**Aim of the task:** Every record below should be printed exactly, except for the pictures.

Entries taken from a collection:
BEGIN

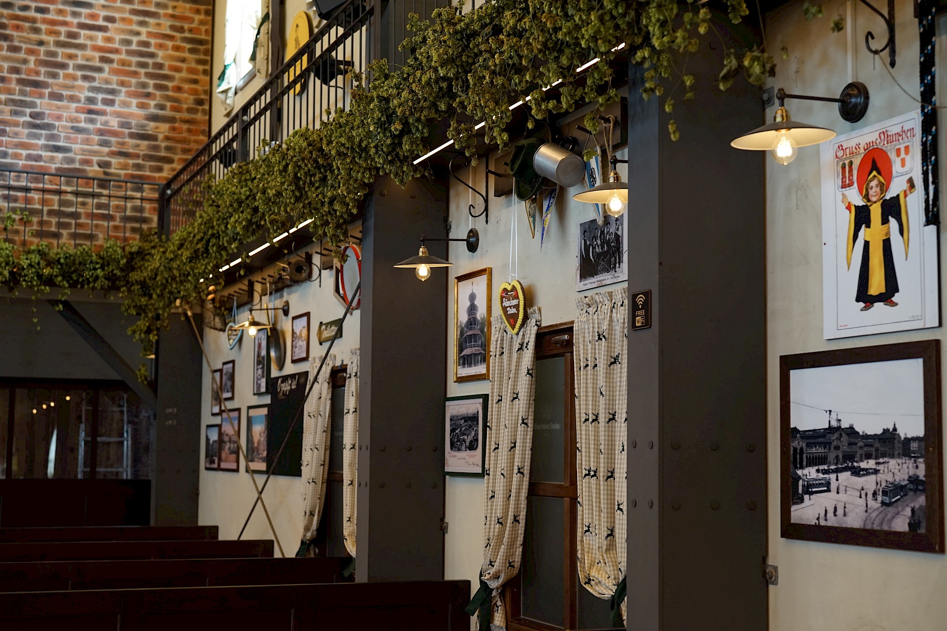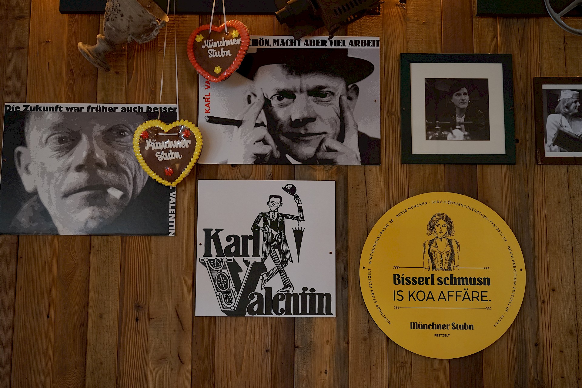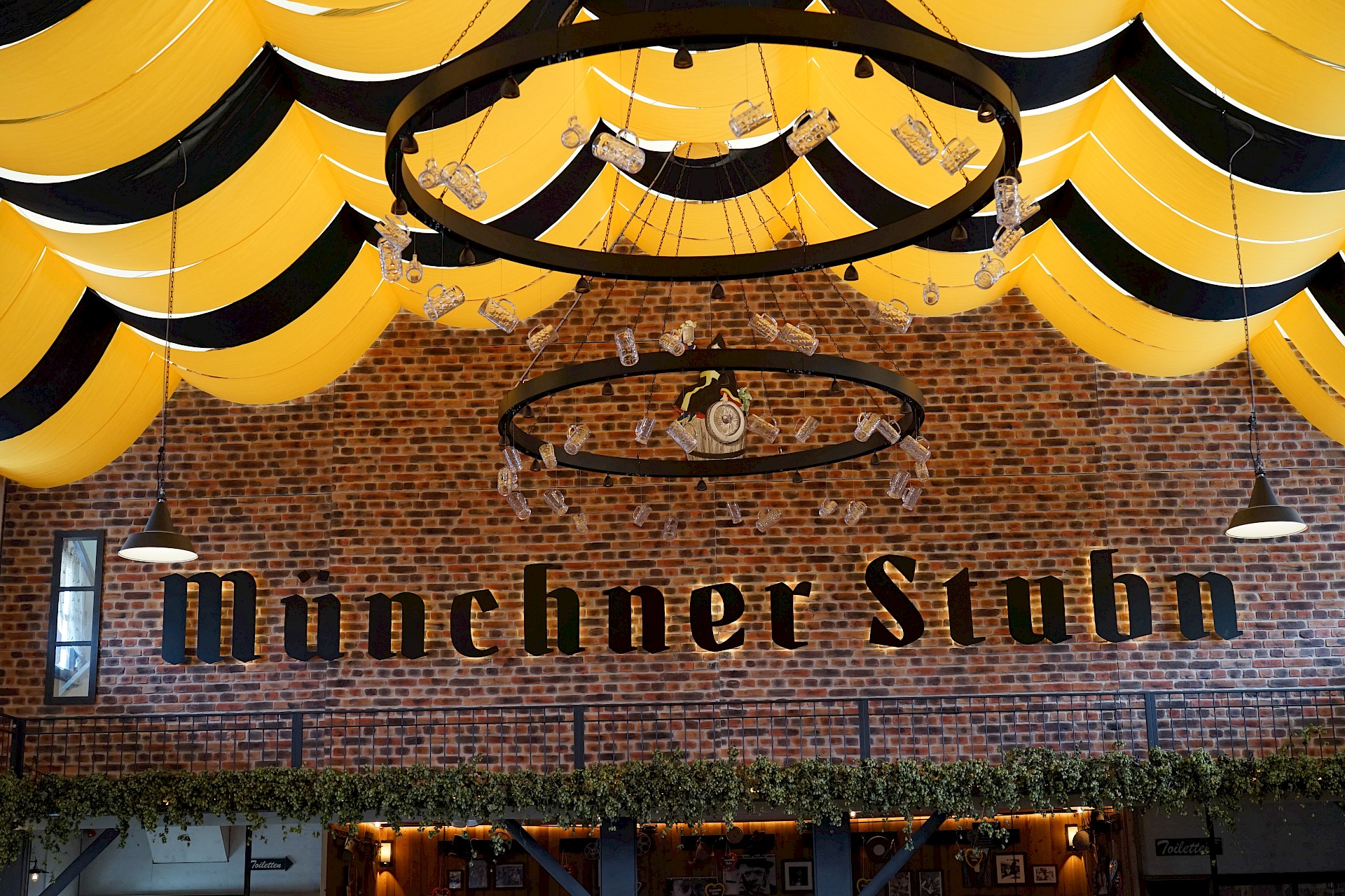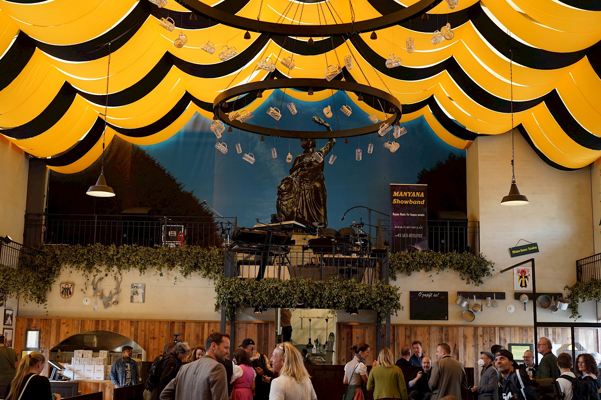 Die Münchner Stubn will ihrem Namen alle Ehren machen und platziert seine Gäste und schwarz-gelben Tuchbahnen. Von der Rückwand des Musikpodiums schaut die Bavaria auf die Besucher herab. Das andere Zeltende gibt sich sehr zeitgenössisch, mit dem großen, von hinten beleuchteten Schriftzug an der Backsteinwand. Diese ist eine Referenz auf das Stammhaus der Wirtsleute, die Münchner Stubn am Hauptbahnhof, die ebenfalls recht modern daherkommt.
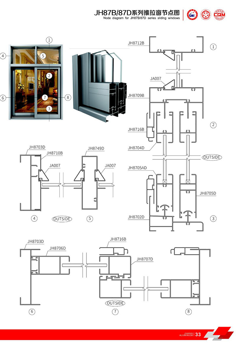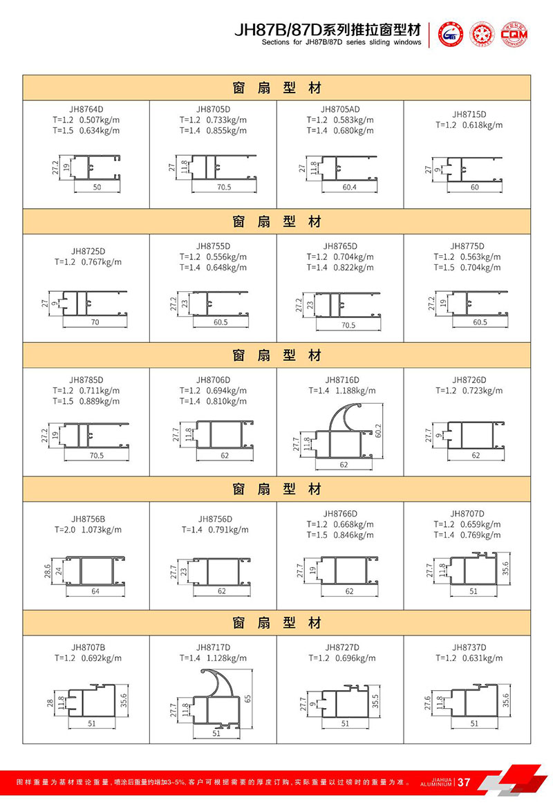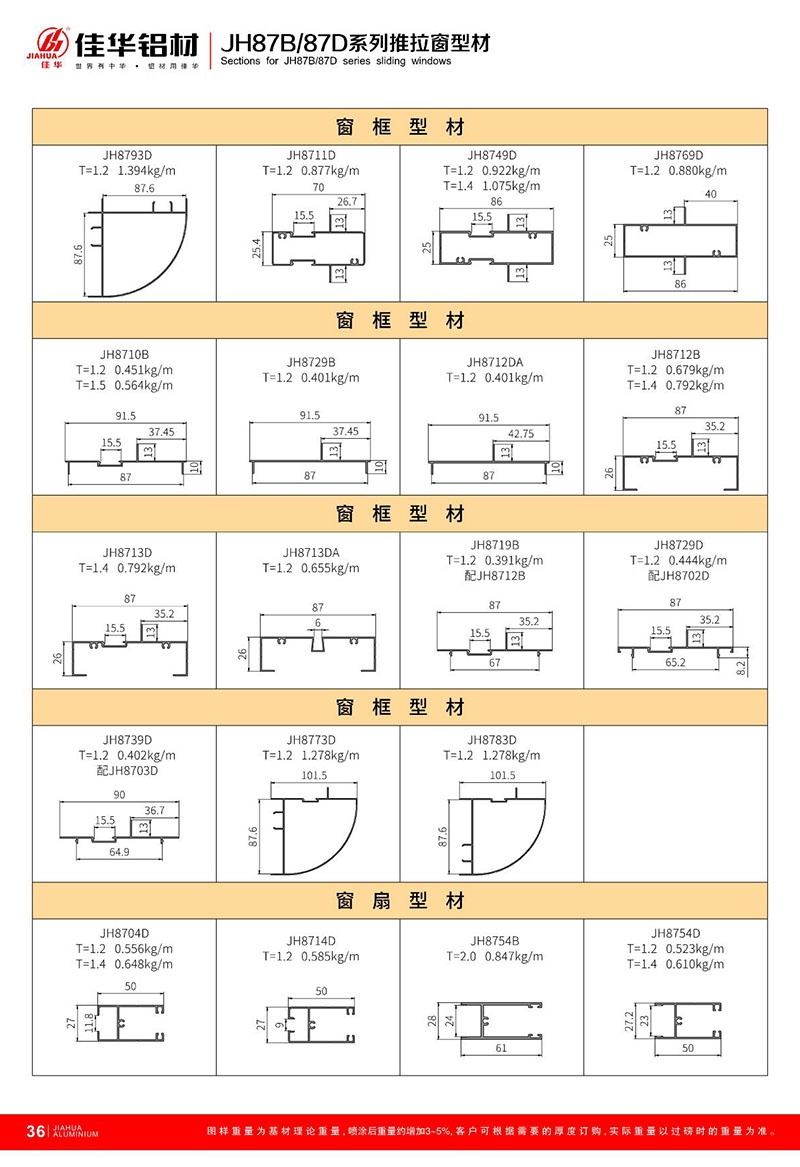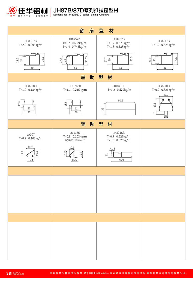 鋁型材規(guī)格型號:JH87B/87D 一
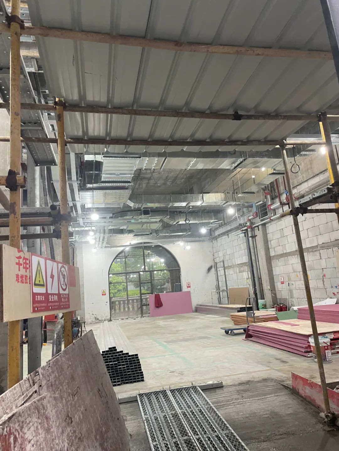 4月30日早上在現(xiàn)場看到的情況來看,街區(qū)大部分圍擋已經(jīng)上了品牌logo,從部分品牌開著的門往里看,可以發(fā)現(xiàn),門店裝修還在較初期階段,大多都還是毛坯狀態(tài);也有門店內(nèi)有工人在清理建筑垃圾;極少數(shù)已經(jīng)在裝消防通風(fēng)系統(tǒng)。
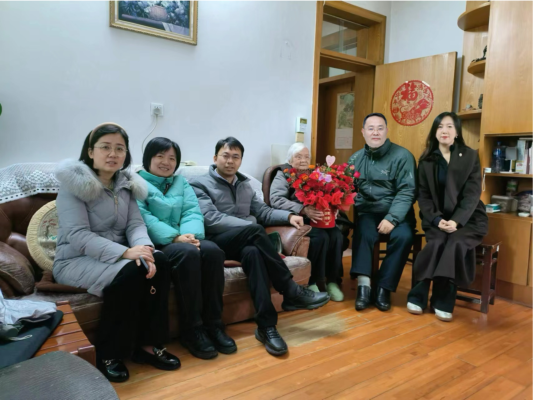 又是一年佳节至,最是岁寒情暖时。在2024年新春佳节即将到来之际,学院党委书记高强、院长杨红强、党委副书记李倩、院工会主席谢煜、院办公室主任王红霞及院工会前主席潘家坪一行6人走访慰问了荣佩珠教授、陈国梁教授、马天乐教授和高振华教授等离退休老领导和老教授。
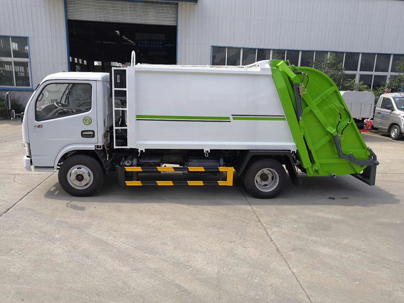 東風小多利卡側裝壓縮式垃圾車:單排可翻轉駕駛室側裝壓縮掛桶對接式垃圾車,3300軸距,東風輕型發動機廠生產的D28D11-4DA發動機(仿五十鈴技術)銘牌功率75(kw),193變截面車架,2噸前橋,4噸后橋,7.00R16鋼絲胎,12伏電池,無空調,有動力轉向,液壓制動。

END

**Answer to this exercise:**
 Die Münchner Stubn will ihrem Namen alle Ehren machen und platziert seine Gäste und schwarz-gelben Tuchbahnen. Von der Rückwand des Musikpodiums schaut die Bavaria auf die Besucher herab. Das andere Zeltende gibt sich sehr zeitgenössisch, mit dem großen, von hinten beleuchteten Schriftzug an der Backsteinwand. Diese ist eine Referenz auf das Stammhaus der Wirtsleute, die Münchner Stubn am Hauptbahnhof, die ebenfalls recht modern daherkommt.
 鋁型材規(guī)格型號:JH87B/87D 一
 4月30日早上在現(xiàn)場看到的情況來看,街區(qū)大部分圍擋已經(jīng)上了品牌logo,從部分品牌開著的門往里看,可以發(fā)現(xiàn),門店裝修還在較初期階段,大多都還是毛坯狀態(tài);也有門店內(nèi)有工人在清理建筑垃圾;極少數(shù)已經(jīng)在裝消防通風(fēng)系統(tǒng)。
 又是一年佳节至,最是岁寒情暖时。在2024年新春佳节即将到来之际,学院党委书记高强、院长杨红强、党委副书记李倩、院工会主席谢煜、院办公室主任王红霞及院工会前主席潘家坪一行6人走访慰问了荣佩珠教授、陈国梁教授、马天乐教授和高振华教授等离退休老领导和老教授。
 東風小多利卡側裝壓縮式垃圾車:單排可翻轉駕駛室側裝壓縮掛桶對接式垃圾車,3300軸距,東風輕型發動機廠生產的D28D11-4DA發動機(仿五十鈴技術)銘牌功率75(kw),193變截面車架,2噸前橋,4噸后橋,7.00R16鋼絲胎,12伏電池,無空調,有動力轉向,液壓制動。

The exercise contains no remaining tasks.